MARKET REPORT: Shell and BP shares soar as oil hits a 7-year high


Oil majors Shell and BP hit fresh post-pandemic records as crude prices reached their highest levels in just over seven years.

Shell was up 1.5 per cent, or 28.4p, at 1873.8p while BP rose 0.5 per cent, or 2p, to 395.75p – their highest levels since February 2020. 

The gains came as prices of Brent Crude passed $88 a barrel, for the first time since October 2014.

Price boost: Shell was up 1.5 per cent, or 28.4p, at 1873.8p while BP rose 0.5 per cent, or 2p, to 395.75p – their highest levels since February 2020.

Another oil benchmark, West Texas Intermediate, was also trading at around a seven-year high close to $86 a barrel.

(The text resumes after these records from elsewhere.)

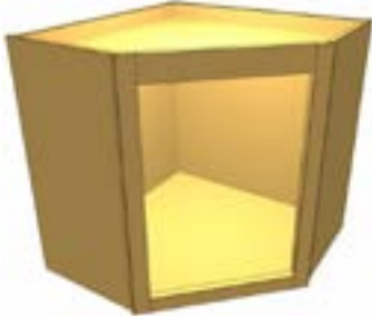
UCANG Upper Cabinet Angle Fixed Depth

Angled upper cabinet with 12-16in sides. With a five minute assembly time, this extremely profitable cabinet puts money straight into the shop owner's pocket. Available with up to three adjustable shelves.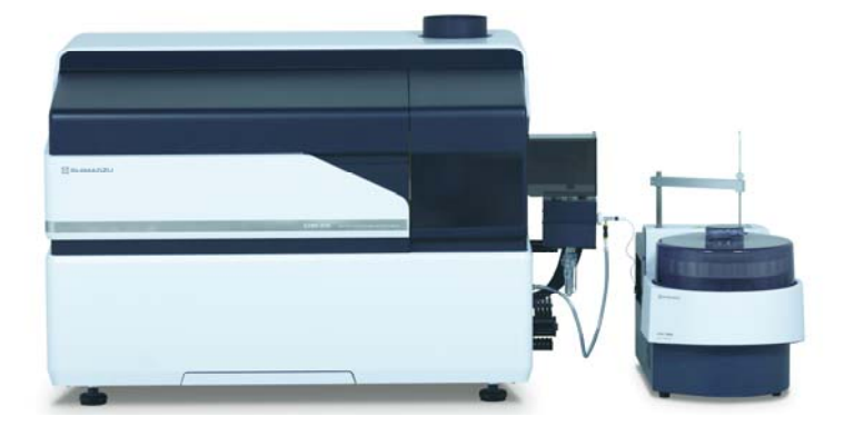
Figure 1.Shimadzu ICPMS-2030 with autosampler AS-10

A Shimadzu ICPMS-2030 coupled with auto sampler AS-10 (Figure 1) was used for analysis.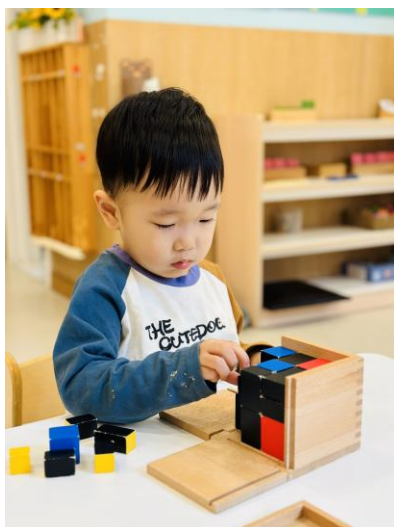
Montessori Trinomial Cube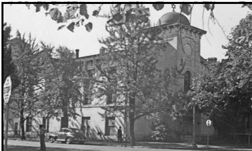
In 1949 the building was the Ohav Shalom Synagogue.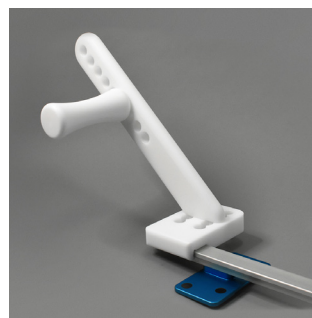
THIGH BOLSTER SET #SR2100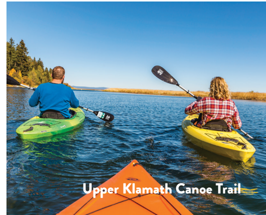
Upper Klamath Canoe Trail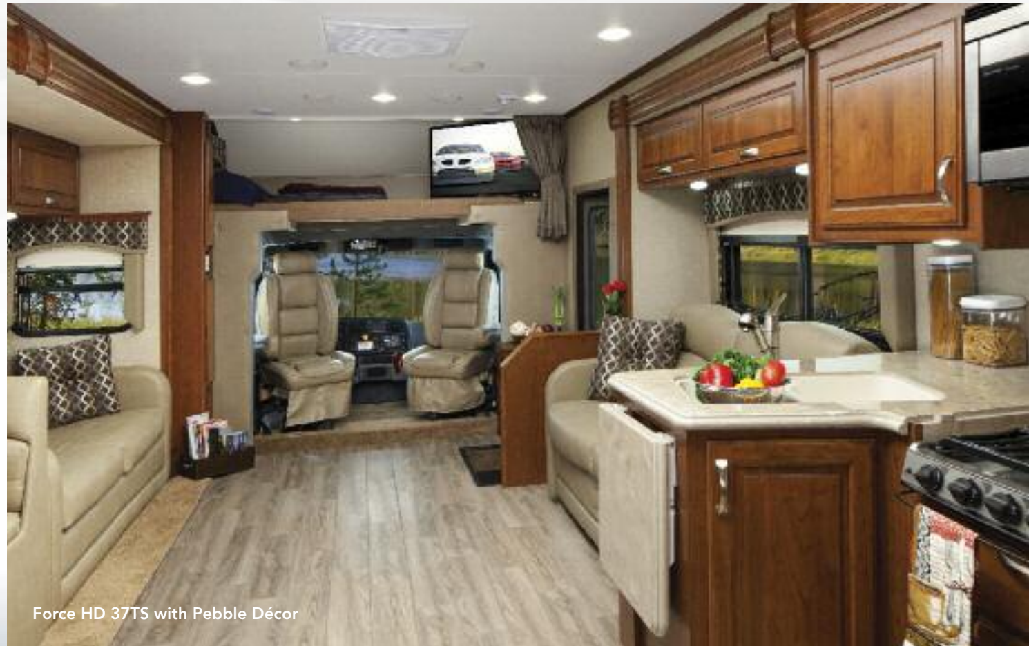
Force HD 37TS with Pebble Décor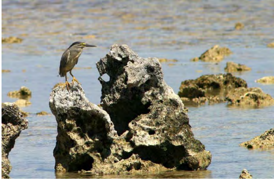
Figure 4 Green Heron

Visiting the offshore islands can provide the opportunity to get closer looks at some seabirds, which are scarce near shore. However, the Red Sea is rather poor in pelagic species and one would not expect to add many species to his list on a deep sea trip.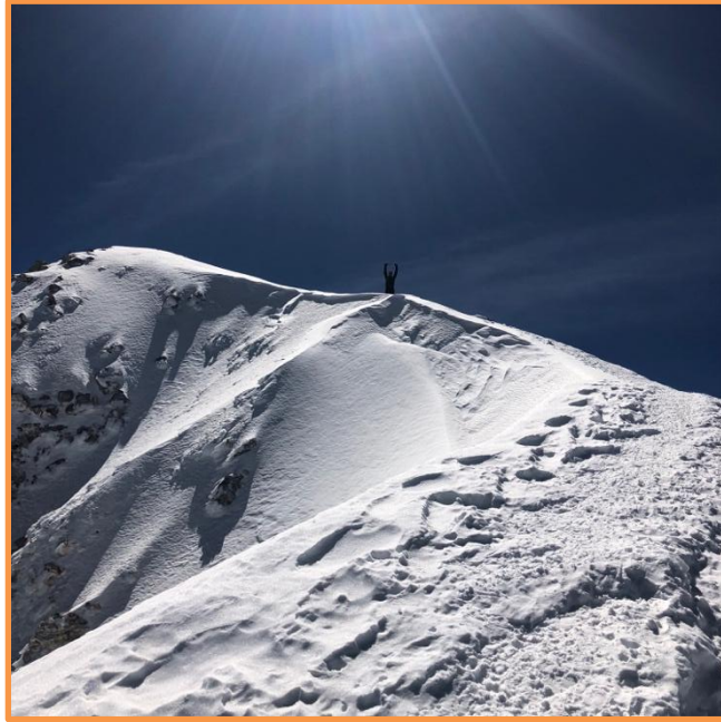
Orizaba summit ridge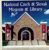
National Czech & Slovak Museum & Library

The National Czech & Slovak Museum & Library is host to Homelands: The Story of the Czech and Slovak People , the permanent exhibit featuring folk costumes, glassware, unique works of art and various artifacts. The research library houses a large collection of books, music, periodicals and other materials in Czech, Slovak and English. The museum also sponsors various programs throughout the year. Czech glass, ceramics, jewelry, books and beautiful decorated eggs may be purchased in the museum's store.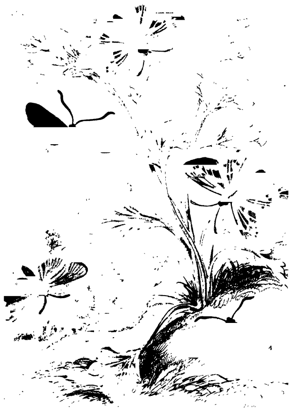
1. Larrea tridentata 2. Prosopis juliflora 3. Acacia greggii 4. Sesuvium portulacastrum 5. Portulaca greggii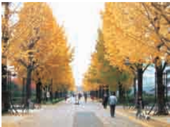
Interaction path (ginkgo trees)

Water view facilities ● The water-themed facilities were donated by the Japan Lottery Association in 1992 and installed in the zelkova field to the east of the administration center. They include a fountain, waterfall, and stream, and are used as place for children to play in the water in the summer.

The latest surge followed an attack by rebels in Yemen against the United Arab Emirates, which raised fears of supply disruption.

Tensions were increased further when neighbouring Saudi Arabia launched air raids in Yemen in retaliation.

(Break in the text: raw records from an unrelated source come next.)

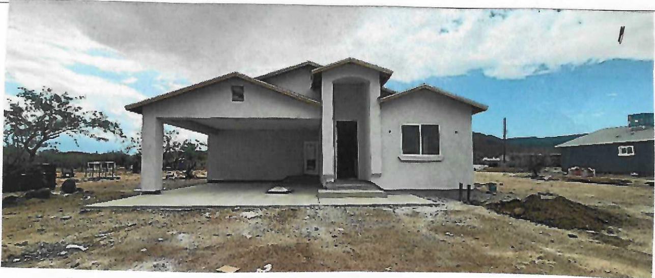
Front Side (N. Side looking So.) 9/26/2025

Instructions: Insert below at least two and when possible four photographs showing each side of the building (for example, may only be able to take front and back pictures of townhouses/rowhouses). Identify all photographs with the date taken and "Front View," "Rear View," "Right Side View," or "Left Side View." Photographs must show the foundation. When flood openings are present, include at least one close-up photograph of representative flood openings or vents, as indicated in Sections A8 and A9.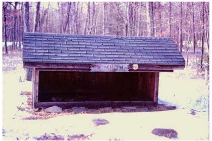
Buckhorn Trail Lean-to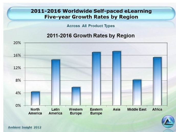
Figure 1 Growth Rates for 2011-2016 Global Macro-regions

The European Union in 2011, was the second largest market for e-learning, has a growth rate of 5.8% per annum, which leads from 6.1 billion dollars in 2011 to the expected 8.1 billion dollars of 2016. There are approximately 3 million students enrolled in online courses, half of whom were enrolled in Distance Teaching University and Open University, while the other half at traditional universities that offer distance learning courses.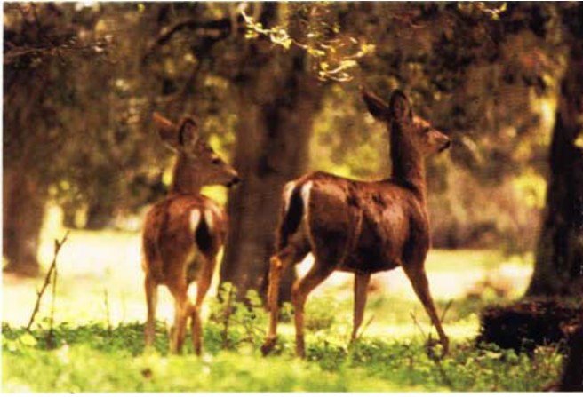
Scientists at HREC have undertaken important investigations of the relationships among wildlife, parasites and human disease. Columbian black-tailed deer, left , host at least 86 species of parasitic helminths, flies, ticks, mites and fleas,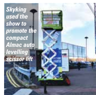
Skying used the show to promote the compact Almac auto levelling scissor lift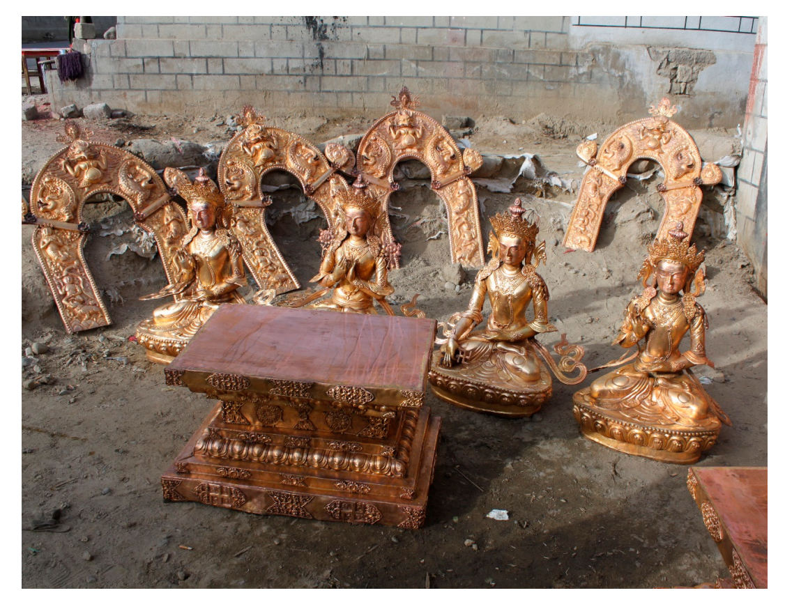
Figure 4. Unfinished metal statues in a Buddhist art workshop near Sera Monastery, Lhasa, Tibet (photo Bellini 2012).

Stock Watch – Sanderson Design

Interior design group Sanderson surged to a three-month high as demand for its UK-made fabrics and wallpaper rose following Brexit and disruption to supply chains.

It expects profits for the year to the end of January to be at least £12m, ‘significantly ahead’ of expectations and up from £7.1m last year.

The group also highlighted foreign success, with sales in North America up 40pc year-on-year, where it is enjoying ‘very strong’ orders. Shares rose 21.9pc, or 33.5p, to 187p.

 

Brent’s rally means it has risen around 60 per cent in the last 12 months and over 350 per cent since April 2020, when its value plunged to just under $20 a barrel.

Some analysts, including Goldman Sachs, have predicted that the prices of oil could climb back to $100 a barrel this year as the perceived threat of Omicron diminishes, allowing the global economy to reopen and kick-start demand for fuel.

The world’s oil market is also facing a supply squeeze unless the OPEC+ group of oil-producing countries, such as Russia and Saudi Arabia, decide to open the taps to meet demand at the risk of prices falling back again.

Political instability is adding upward pressure to oil prices, with the Yemen conflict and rising tensions between Russia and Ukraine worrying energy markets.

The FTSE 100 dropped 0.6 per cent, or 47.68 points, to 7563.55 while the FTSE 250 fell 1 per cent, or 218.93 points, to 22,652.71. 

Markets in London were under pressure after rising to a two-year high on Monday, with some traders looking to take profits following the rally.

Miners also weighed on the index amid weaker commodity prices, with Russian group Evraz, which is part-owned by Chelsea owner Roman Abramovich, dropping 2.8 per cent, or 15.8p, to 557.2p while precious metals group Polymetal fell 1.9 per cent, or 21.5p, to 1132.5p.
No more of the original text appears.